The fatigue had stolen over me until I felt as though I was dancing a waltz to four four time, out of step, out of time, not keeping up to the world around me, failing, falling.
“Mommy, I’m done. Story now?”
We cuddled on the sofa, both wrapped in the same fleecy blanket. Her warm body pressed against mine, her breathing rose and fell in a gentle cadence and wafted a fragrant blend of babyhood and girlhood, princess and drama queen. No, God, no, I need more, much more than this. I’ve not yet heard her sing the whole “ABC song.” I want to hear the “Bridal Chorus” from “Lohengrin” for her. I’m selfish enough to want to hear her hum Brahm’s “Lullaby.”
We read the story and then another. The day passed.
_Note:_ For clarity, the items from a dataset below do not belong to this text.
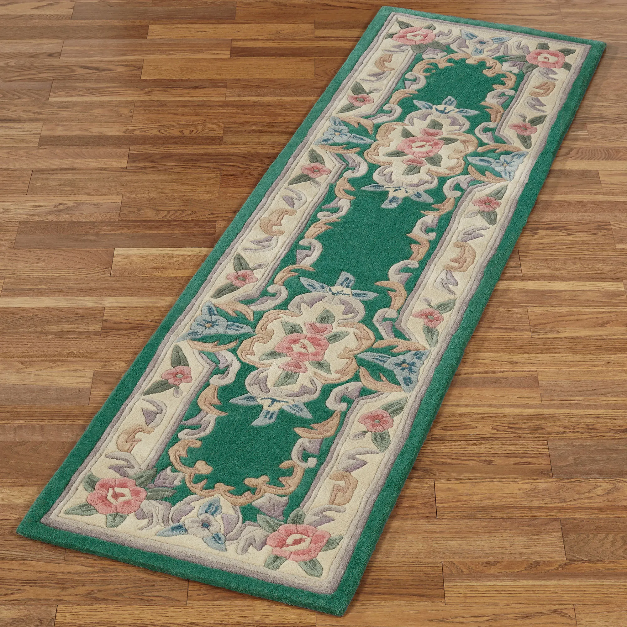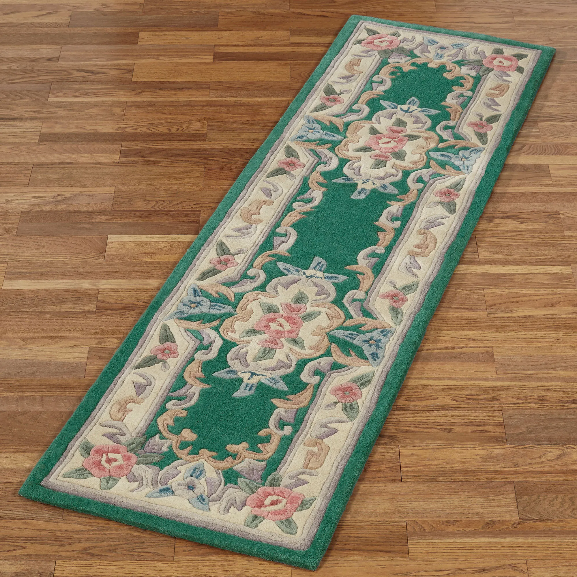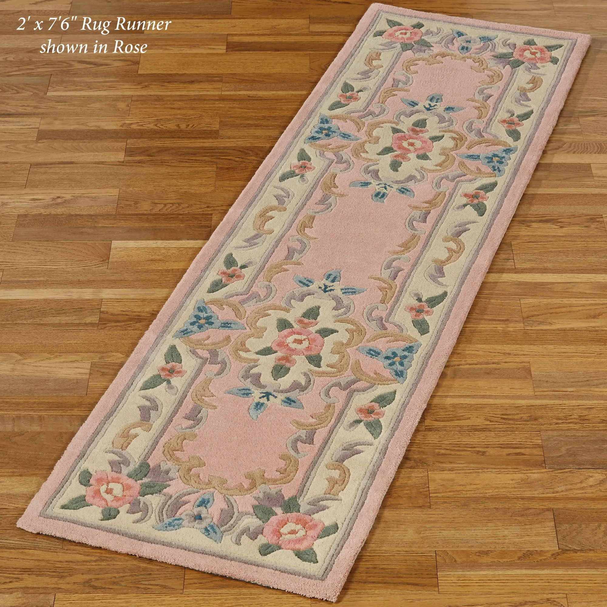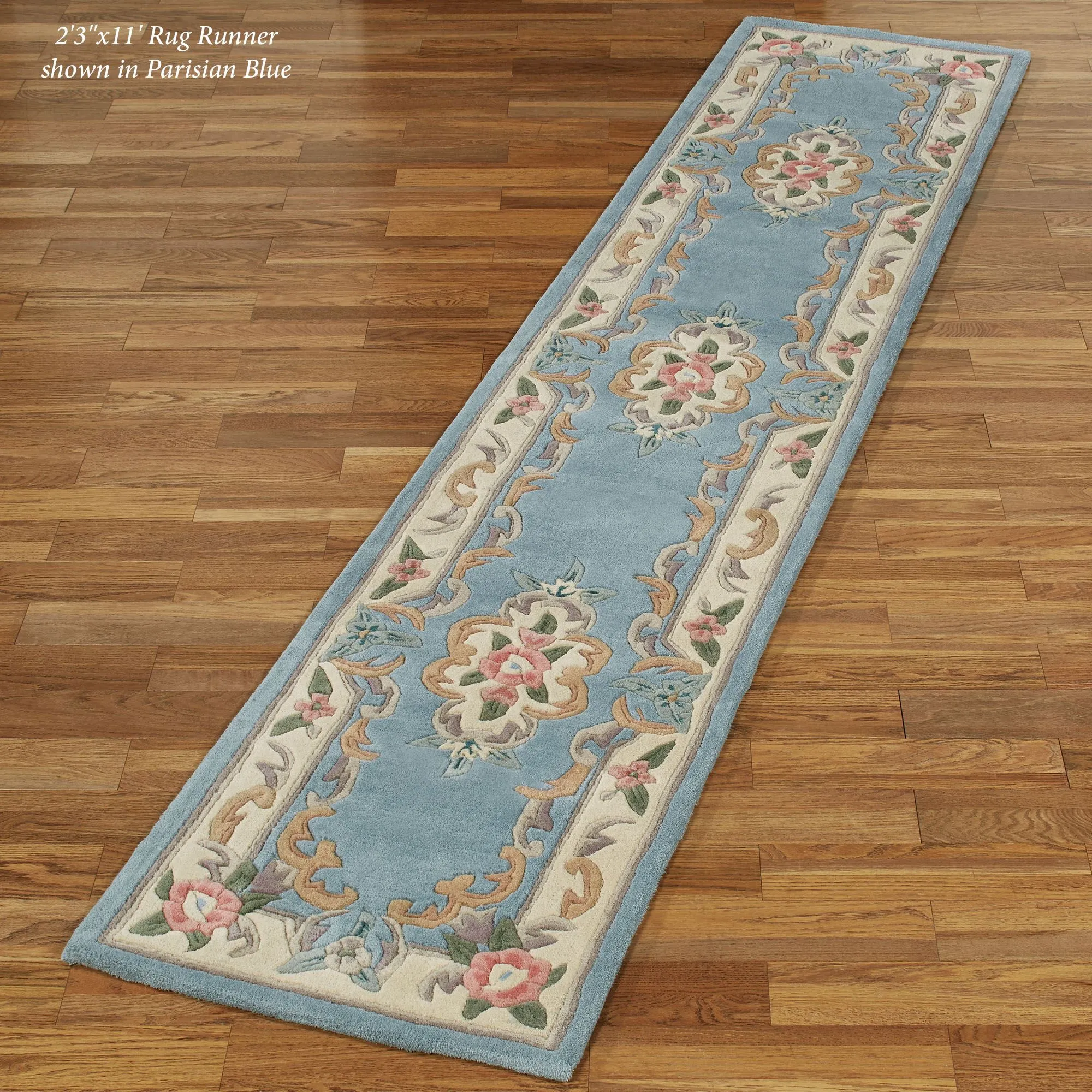 Timeless tradition and a sweet elegance grace the Serena Aubusson II Runner Rugs with charming beauty. These luster-washed wool runner rugs, .5" thick, wear well and feel soft underfoot. The lovely Aubusson design has intricate detailing of roses, florals, acanthus leaves, and scrolls. A high standard of depth and detail, accomplished through intricate handcarving, makes the designs spring vividly to life. Backing is cloth-covered latex. Due to the handcrafted nature, slight variations in size, color, and design are inherent. Specify Emerald Green, Burgundy, Ivory, Midnight Blue, Parisian Blue, or Rose. We recommend professional cleaning by a rug cleaner. Imported.
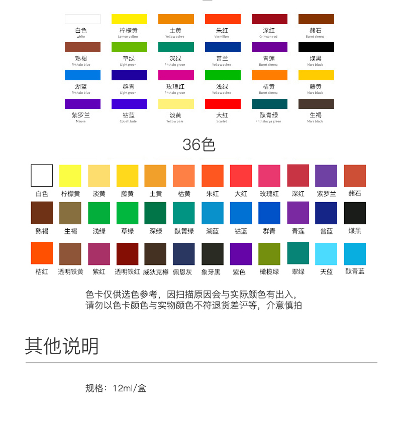 马利铝管水彩色颜料文具绘画美术工具马利水彩颜料12色18色24色36色美术绘画油画初学学生画家
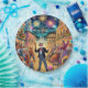 Immerse yourself in the festive spirit of Latin America with this captivating illustration. This vibrant scene depicts a lively village coming together to ring in the New Year. Colorful traditional clothing adorns the dancing figures, while festive decorations like twinkling lights, confetti, and streamers create a magical atmosphere. At the center of the celebration stands a smiling elderly man, symbolizing the passing of the old year. He holds cherished tokens representing a prosperous year ahead: a bundle of wheat, a piggy bank, and a small house. The background bursts with fireworks illuminating the night sky above charming colonial-style buildings. This joyous artwork captures the essence of the celebratory spirit and the hope for a bright new beginning.

Another day passed. A turning. A moving.
Choices to be made.
Life has become a dance.
Sometimes, I feel like I am being pulled from one dance partner to another, never sure where I am going next. Sometimes, it’s a slow dance, waiting, just being held close by those who love me, savouring, being, knowing, resting. Sometimes, it is simply swaying in one spot and breathing.
I often wonder why me? and answer my own question with why not me? I’ve been busy for so long, doing too much, perhaps, and maybe this is God’s way of saying it’s time to take a rest. Even music is defined by the inclusion of pauses and silences amidst the crescendos, not just sounds imposed on the air waves.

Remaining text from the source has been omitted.